Melatih Jemari Kreatif: Anak-anak TK PGRI Kambeng Asah Motorik Halus dan Daya Pikir Lewat Kegiatan Menganyam
- Dec 04, 2025
- admindesa
Kambeng, 04/12/2025 – Suasana ceria namun penuh konsentrasi mewarnai ruang kelas di TK PGRI Kambeng. Anak-anak didik sibuk dengan lembaran kertas warna-warni yang dipotong memanjang, mengikuti instruksi guru untuk menghasilkan pola jalinan yang sederhana namun membutuhkan ketelitian tinggi—mereka sedang belajar menganyam.
Kegiatan menganyam ini bukan sekadar mengisi waktu luang, tetapi merupakan salah satu metode pembelajaran yang terbukti sangat efektif untuk merangsang berbagai aspek perkembangan anak usia dini.
Manfaat Krusial Menganyam bagi Anak TK
Kegiatan menganyam yang terlihat sederhana ini menawarkan berbagai manfaat edukatif yang vital bagi kesiapan anak menuju jenjang sekolah dasar:
1. Pengembangan Motorik Halus (Fine Motor Skills)
Ini adalah manfaat paling utama. Gerakan menjepit, melipat, menarik, dan menyisipkan bahan anyaman secara berulang melatih otot-otot kecil pada jari dan tangan. Keterampilan ini sangat fundamental untuk keberhasilan anak dalam memegang pensil dengan benar, menulis, dan melakukan kegiatan yang membutuhkan presisi tinggi.
2. Melatih Koordinasi Mata dan Tangan
Anak harus fokus melihat ke mana arah anyaman akan disisipkan sambil tangannya bergerak, menuntut koordinasi visual dan motorik yang kuat.
3. Konsentrasi dan Ketekunan
Menganyam memerlukan fokus untuk mengikuti pola tertentu (atas-bawah, silang).

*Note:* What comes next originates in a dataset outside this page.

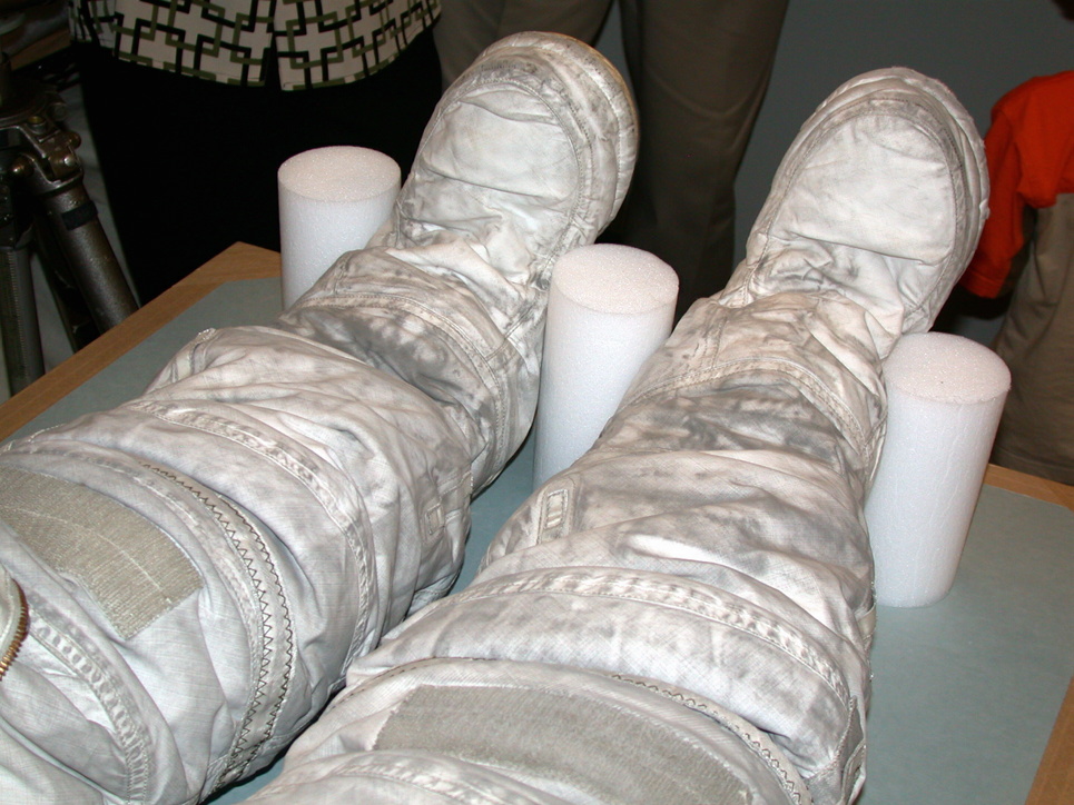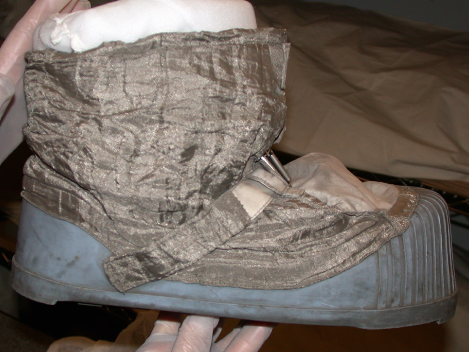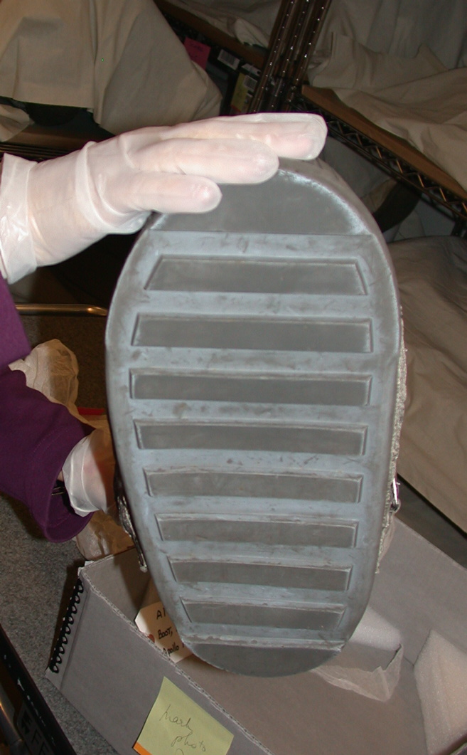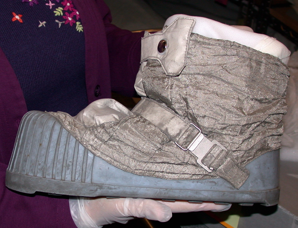 - View from the righthand side. The lunar boots slipped over the PGA boot and were held in place by straps.

Kegiatan ini melatih anak untuk duduk tenang dan menyelesaikan tugas, menumbuhkan kesabaran dan ketekunan yang merupakan soft skill penting.
4. Keterampilan Kognitif (Berpikir Logis)

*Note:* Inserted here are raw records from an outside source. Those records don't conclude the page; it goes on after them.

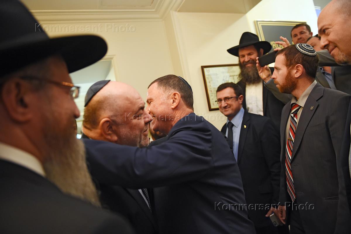 Председатель Кнессета (парламент Израиля) Юлий Эдельштейн (в центре) и главный раввин России Берл…
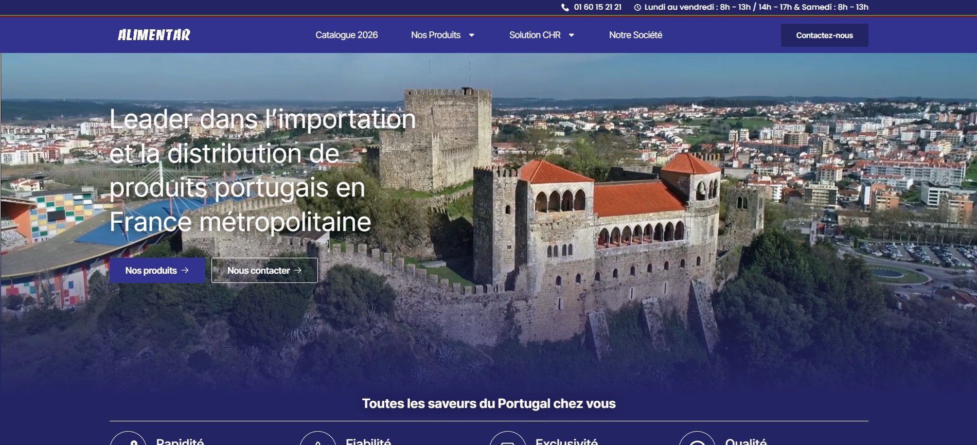 Alimentar est un grossiste spécialisé dans l’importation et la distribution de produits alimentaires portugais en France. Avec plus de 40 ans d’expérience, l’entreprise propose une large sélection de produits portugais authentiques à destination des professionnels, notamment restaurants, épiceries et commerces spécialisés. Son site internet, devenu ancien, nécessitait une modernisation afin de mieux refléter son positionnement et son expertise.
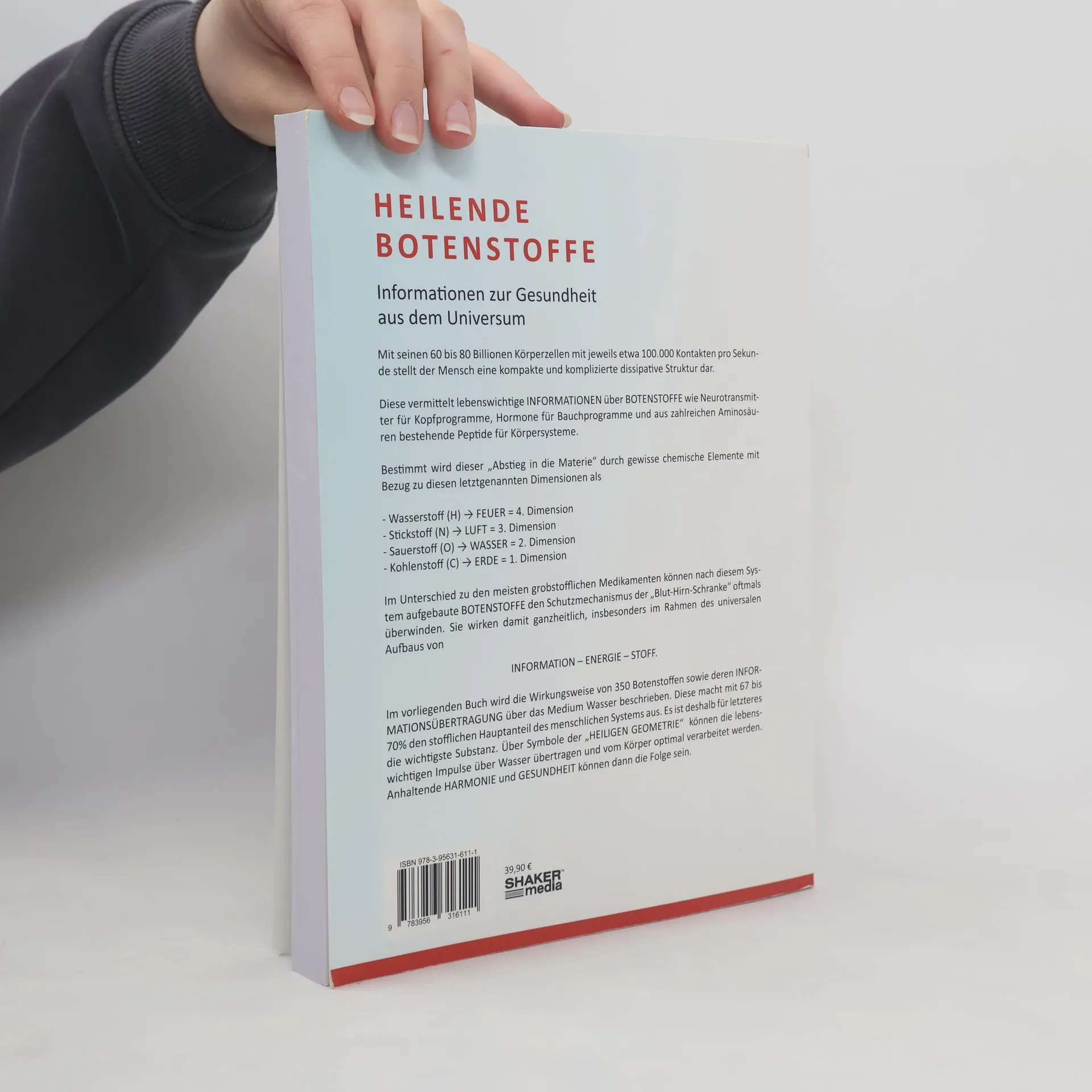 Der Mensch stellt ein hochkompliziertes System von 60 bis 80 Millionen Zellen dar, in welchem etwa 100.000 Impulse pro Sekunde aktiviert werden. Über den Wasseranteil von etwa 67% werden Informationen über Botenstoffe wie Neurotransmitter, Hormone und Peptide verbreitet, wobei der Körper selbst die Selbstheilungskräfte steuern und aktivieren kann. Das vorliegende Buch hilft Ihnen zu erfahren, welche von den 350 beschriebenen Botenstoffen zu welchen Wirkungen führen. Diese sind ausführlich beschrieben. Dieses Buch gibt Ihnen ebenso Auskunft darüber, für welche Krankheiten laut Erfahrung welche Botenstoffe geeignet sind. Es zeigt ebenfalls, wie Sie sie mit welchen Symbolen über das Wasser die entsprechenden Informationen über den Körper leiten können, wobei diese die Bluthirnschranke überwinden. Aufgrund der zur Verfügung gestellten Informationen können Sie selbst mit ihrem „inneren Arzt“ abklären, welche Maßnahmen als Wirkungsbehandlung vorzunehmen sind. Versuchen Sie es und Sie werden sehen – es funktioniert!
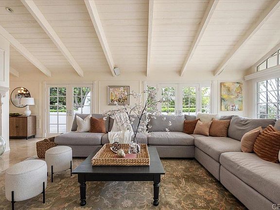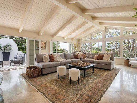 This opulent single-story executive home resides within the prestigious Rancho Santa Fe Covenant. Infused with a touch of French Provincial charm, it boasts exquisite craftsmanship evident in its wainscoting, beamed ceilings, quality built-ins, unique coved ceilings, and meticulous hand-painted details throughout. Luxurious marble-clad bathrooms, a custom chef's kitchen, a dual fireplace in the living and dining areas, newer A/C, and numerous French doors are just a few of the remarkable features of this home. South facing orientation with soaring vaulted ceilings and expansive windows flood the interiors with natural light, creating an airy ambiance. Outside, the low-maintenance, secluded backyard with its private pool creates a serene oasis for relaxation. Conveniently located a mere 3 minutes from Roger Rowe Elementary and the charming RSF Village, featuring an array of restaurants and boutiques. Additionally, residing within the Covenant grants social membership to the esteemed RSF clubhouse and the opportunity to acquire a golf membership.
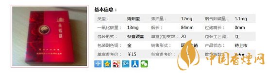 | 類型 :烤煙型 | 焦油量 :12mg | 煙氣煙堿量 :1.1mg | 一氧化碳量 :13mg |
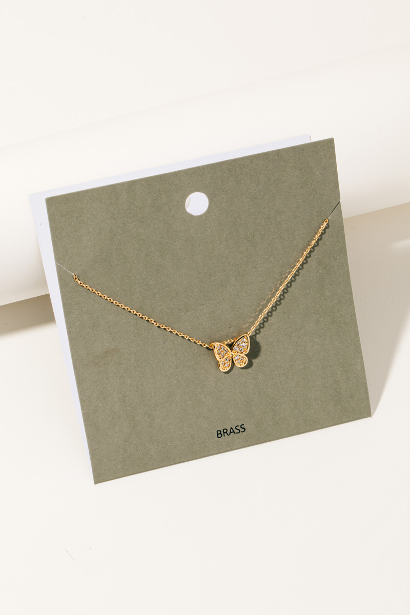 Gold Dipped Pave Butterfly Pendant Necklace

Anak belajar tentang pola (pattern), warna, dan konsep spasial (ruang). Ini adalah latihan awal yang baik untuk kemampuan memecahkan masalah (problem solving) secara logis.
Kepala TK PGRI Kambeng menyampaikan bahwa kegiatan menganyam ini merupakan upaya untuk memberikan fondasi keterampilan yang kuat melalui cara yang menyenangkan dan kreatif. Dengan mempraktikkan keterampilan tradisional ini, anak-anak tidak hanya menghasilkan karya, tetapi juga sedang membangun kecerdasan dan kesiapan diri mereka.